L’affixe est une dénomination qui s’ajoute au nom du chien et qui permet de savoir de quel élevage l’animal provient (Règlements généraux de la cynophilie française, décembre 1987).

C’est ce nom qui est retenu par les amateurs de la race et, tout sujet issu d’un élevage avec affixe, portera cette marque distinctive de sorte que la simple lecture d’un catalogue d’exposition permettra au lecteur de le reconnaître comme un produit de la sélection du propriétaire de l’affixe concerné.

Cette dénomination est l’équivalent d’un nom de famille et est indépendante du nombre de chiens détenus ou du nombre de races élevées par le postulant à l’affixe ; ce n’est pas davantage un label de qualité mais les conditions d’obtention, sans être très sévères, sont suffisamment strictes pour écarter les éleveurs qui auraient pour objectif, des préoccupations exclusivement commerciales. En ce qui concerne cet affixe :

a) précédant le nom du chien, il prend le nom de préfixe ; exemple : Sweet Athos.
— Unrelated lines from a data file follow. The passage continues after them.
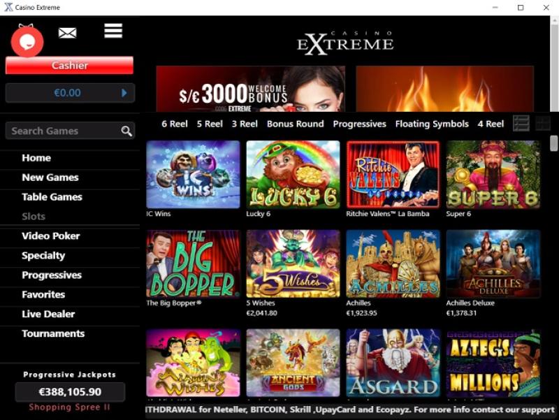 Casino Extreme 提供視訊老虎機和經典老虎機兩種遊戲,數十種選擇供玩家選擇。此外,還有多個累積獎金,獎金金額從幾百美元到一百萬美元不等。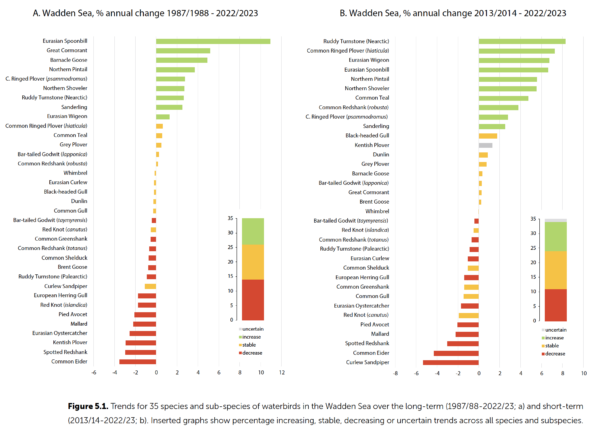 . The assessment delivers a nuanced message. Over the long term, many populations have shown resilience, with around 42% increasing. Yet this positive picture is increasingly overshadowed by more recent developments. Short-term trends are deteriorating, and more than a third of populations are now in decline. Particularly worrying are the shorebirds that breed in the Arctic and winter in Africa, which appear to be under mounting pressure across multiple stages of their life cycle.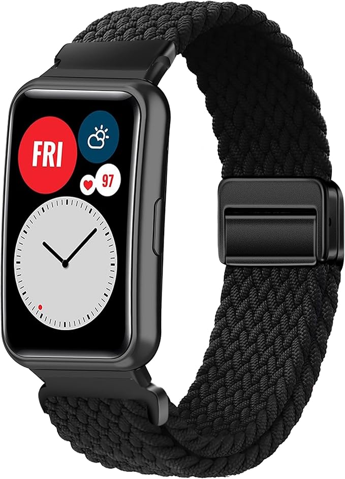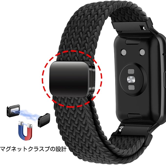 [ULIGADUO] 交換用ベルト マルチカラーのナイロン編組 マグネットクラスプ For HUAWEI WATCH FIT Special Edition スマートウォッチ対応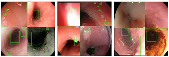 To address this issue, data augmentation techniques were employed in this study to alleviate the sample imbalance. Data augmentation involves the generation of variations in the original images, thereby increasing the training data volume without introducing additional images. Four types of geometric transformations are applied during the data augmentation process: mosaics [17], rescaling, inversion, and rotation. The results of the mosaic data enhancement are shown in Figure 4.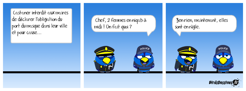 Case 1:Bird 1: Castaner interdit aux maires de déclarer l'obligation du port du masque dans leur ville et pour cause... | Case 2: Bird 1: Chef, 2 femmes en niqab à midi ! On fait quoi ? | Case 3: Bird 1: Ben rien, maintenant, elles sont en règle.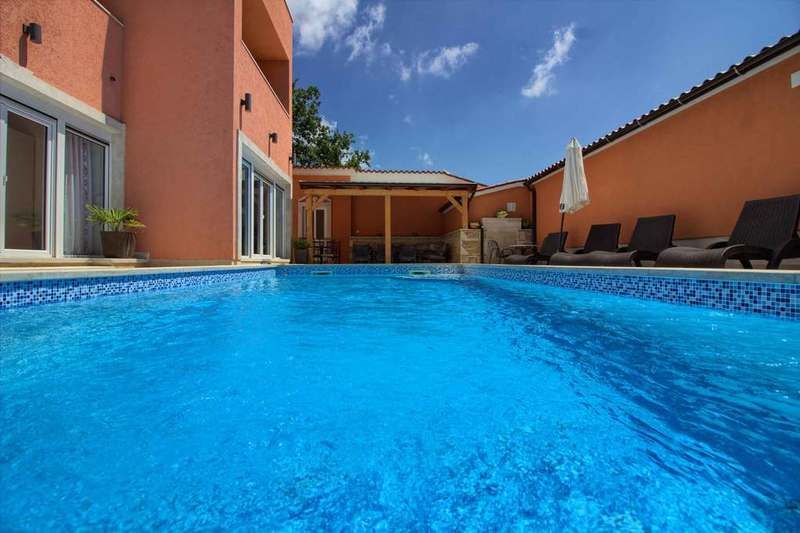 Opis (Engleski): Enjoy the simple luxury of this beautiful villa in Medulin, Istria, Croatia, just 300 meters from the sea. Once a quiet fishing village, Medulin has grown into a top tourist spot with its mild Mediterranean weather, clear sea, and winding coastline. Full of history, beaches, and fun activities, it's one of the Adriatic's best places to visit.The garden covers 505 square meters, and the house itself is 360 square meters—big enough for up to 14 guests. Step inside to six cozy bedrooms, each with its own private bathroom and shower. Seven air conditioners keep the whole place cool and comfy.The fully stocked kitchen has all the tools you need for family meals. Gather at the large dining table for 14 in the dining room, or head to the terrace for barbecues. From the living room, dining area, and kitchen, doors open to the lovely garden with a private 32-square-meter heated pool (using the Solgar system). Relax in the jacuzzi or play table tennis—it's all here for fun.Fully furnished and ready to go, this villa has worked great as a tourist rental for years, so the new owner steps into a solid business....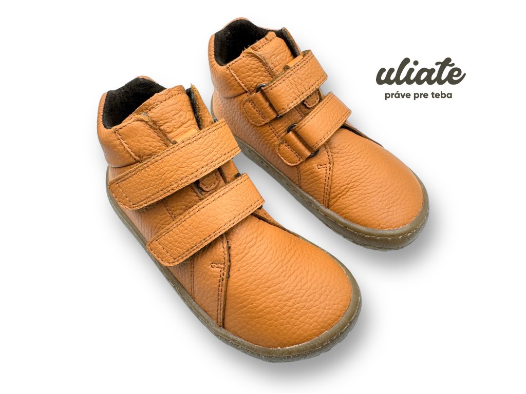Froddo Barefoot Autumn cognac – kožené celoročné barefoot topánky s mikroflísom, nulovým dropom, 2× suchým zipsom a ohybnou podrážkou.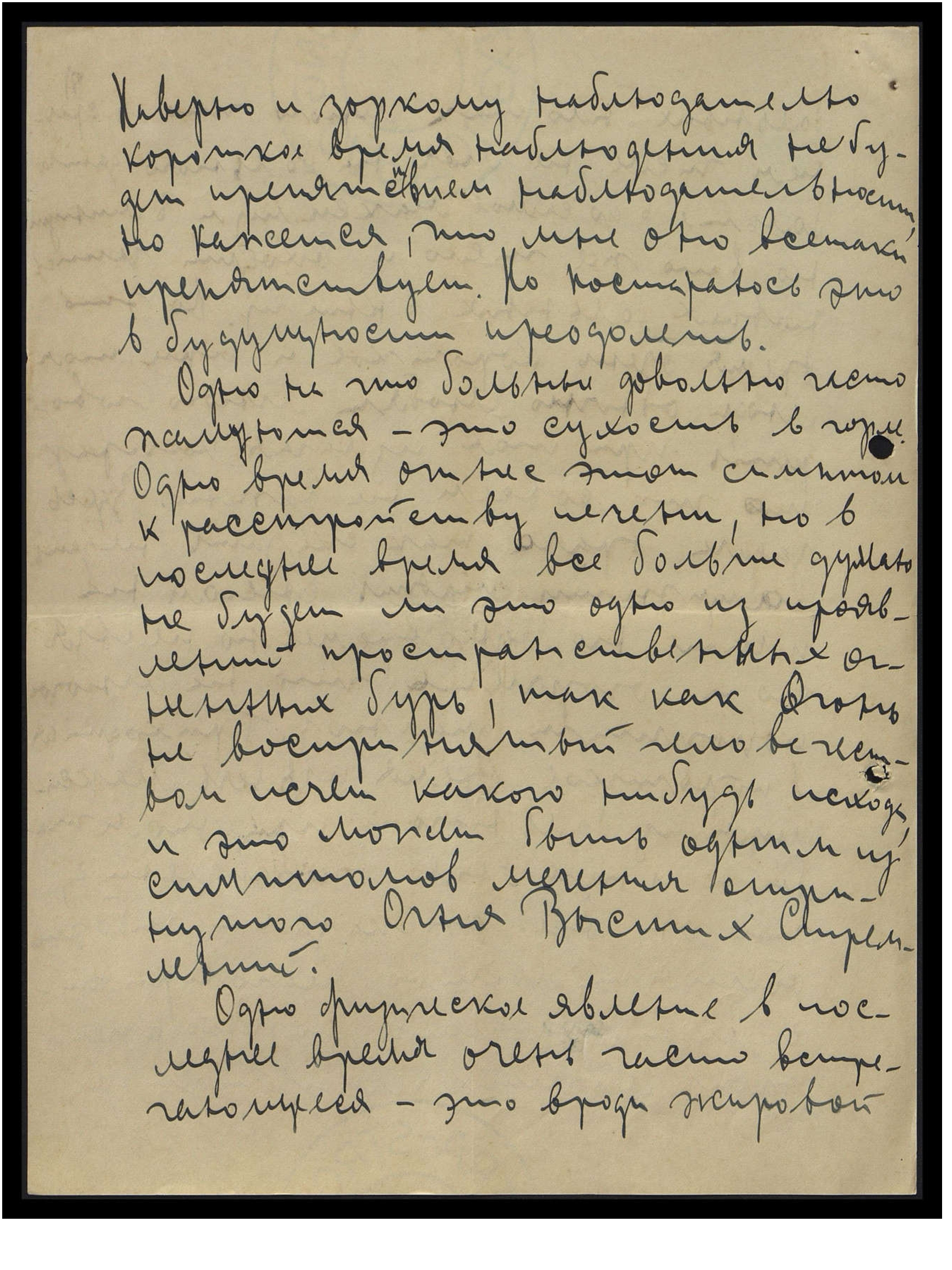 Одно неприятное обстоятельство для меня, так как умер министр народного благополучия Рубулис, а он был бремзой* для Др. Алка, так как не давал полного хода всем его злоумышлениям. Говорят, что он очень долго сопротивлялся тому, чтобы меня подали бы на суд и только с большим трудом удалось его уговорить на этот поступок. А без него, может быть, Алк мне просто административно бы запретил бы давать лекарства, и что я мог бы сказать против него. Слышно, что Алк очень хочет стать этим министром, но сколько я осведомился, то его шансы невелики.

b) succédant au nom du chien, le nom de suffixe ; exemple : Athos du Fin Museau.

Il est conseillé, du fait des contraintes informatiques, d'éviter les dénominations trop longues (maximum 35 caractères + intervalles).

CONDITIONS D’ATTRIBUTION

Toute demande d’affixe doit être visée par le Président du club de la race choisie par le postulant. Si celui-ci élève plusieurs races, il peut s’adresser indifféremment au club de son choix pourvu qu’il représente une des races qu’il élève. La demande du formulaire pour obtenir l'affixe est à demander à la SCC.

La décision est, en principe, prise par le club et, en cas de refus du postulant, le club doit motiver sa décision auprès de la commission LOF de la SCC.

Certains clubs demandent, parfois, trois années d’adhésion afin de s’assurer que le postulant est animé d’un intérêt réel pour la race considérée mais le club du bouledogue français n'a pas de telles exigences et n'impose pas de conditions de durée d'adhésion.

Le dossier doit comprendre un formulaire dûment rempli et signé par le demandeur, un spécimen de la signature de celui-ci et comportant l'aval du Président du club de race, ainsi qu'un fiche individuelle d'état civil. Enfin il doit s’accompagner d’un chèque de 168 euros à l'ordre de la SCC mais il s’agit d’un investissement fait une fois pour toute. Outre le règlement, l'affixe peut être transmis ou cédé si la SCC autorise sa cession ou sa transmission. En cas d'abandon d'affixe ou du décès du titulaire, s'il n'est pas transmis aux héritiers ou à une tierce personne, l'affixe devient libre mais ne pourra pas être attribué à nouveau avant 10 ans.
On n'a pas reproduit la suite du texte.